Innovative process for sulphur recovery from waste incineration flue gases: production of marketable sodium bisulphite solution

This study presents an innovative process for recovering sulphur from hazardous waste incineration flue gases, designed to produce a marketable sodium bisulphite solution while ensuring complete SO2 removal. This new process is characterized by a double absorption strategy at two different pH levels. The first step, at an acidic pH, generates the desired bisulphite solution, while the second step, at a basic pH, produces the sulphite solution for recycling into the first step and ensures total SO2 removal. The process's performance and feasibility were evaluated on a laboratory scale using a batch reactor with synthetic gas. The parametric study focused on the initial sulphite concentration in the absorption solution and the reactor temperature. A removal efficiency exceeding 95% was achieved across all initial sulphite concentrations and temperature ranges, when the pH was maintained above 6. At pH 5, where bisulphites are the predominant sulphur species, the removal efficiency remained substantial at approximately 70%. The oxidation of sulphites/bisulphites by oxygen in the flue gases was minimal, with less than 5% conversion to sulphate.
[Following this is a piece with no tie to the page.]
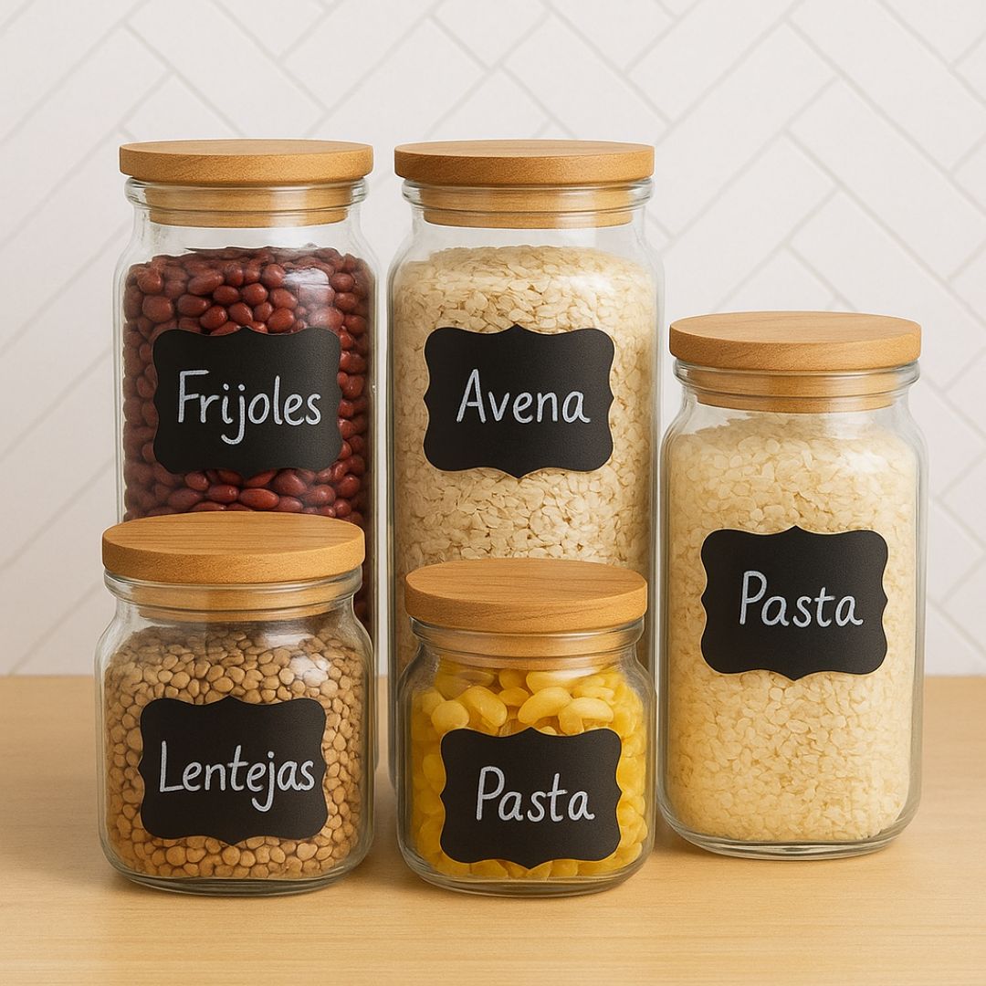 Nuestro Juego de etiquetas x24 unidades es perfecto para organizar y personalizar frascos, recipientes, botellas y más. Su superficie permite escribir y borrar fácilmente, brindándote una solución práctica y estética para ordenar todo. Son ideales para cocina, oficina o fiestas. (Incluye marcador).
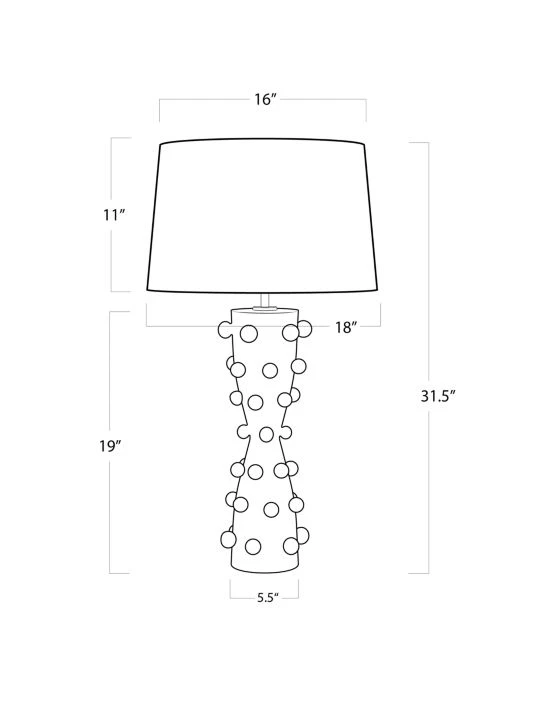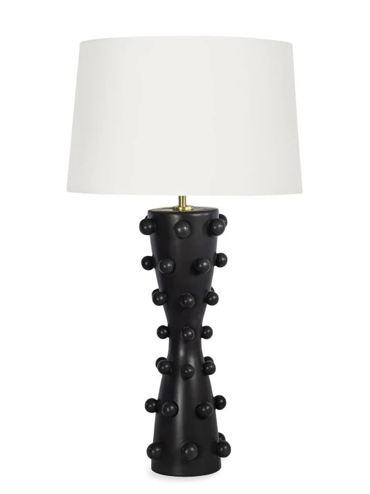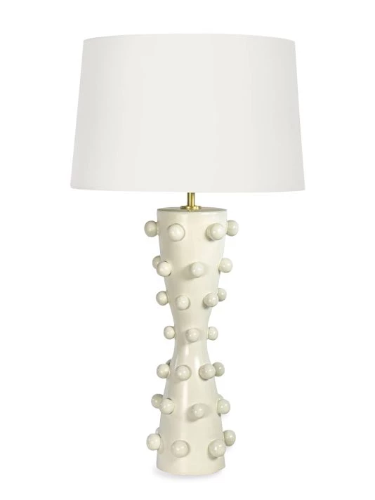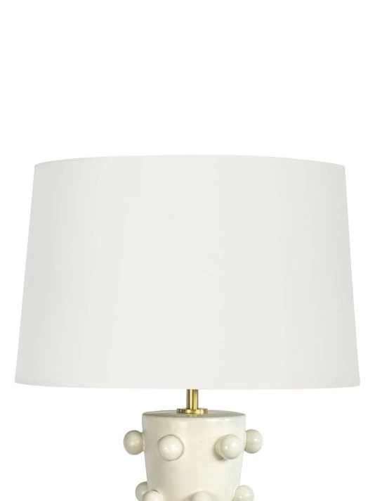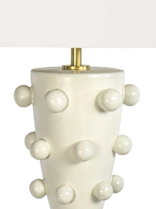 From the LA Modern Collection. A contemporary work of art in its own right, the Pom Pom Ceramic Table Lamp is both modern and fun, adding texture and drama along with functionality. Pom Pom’s elongated hourglass base is dotted with modern ceramic spheres, each hand formed and applied. It is finished with a crisp, natural linen shade and brass neck and ball finial.

Additionally, pH-controlled experiments were conducted to optimize plant start-up procedures. For the basic reactor, starting with water and adjusting the pH to 8 during SO2 absorption effectively minimized sodium hydroxide consumption. In contrast, for the acidic reactor at pH 5, initiating the process with a concentrated sulphite solution resulted in more stable absorption rates. These findings underscore the process's potential for efficient sulphur recovery and highlight the importance of pH management in optimizing operational stability and chemical consumption.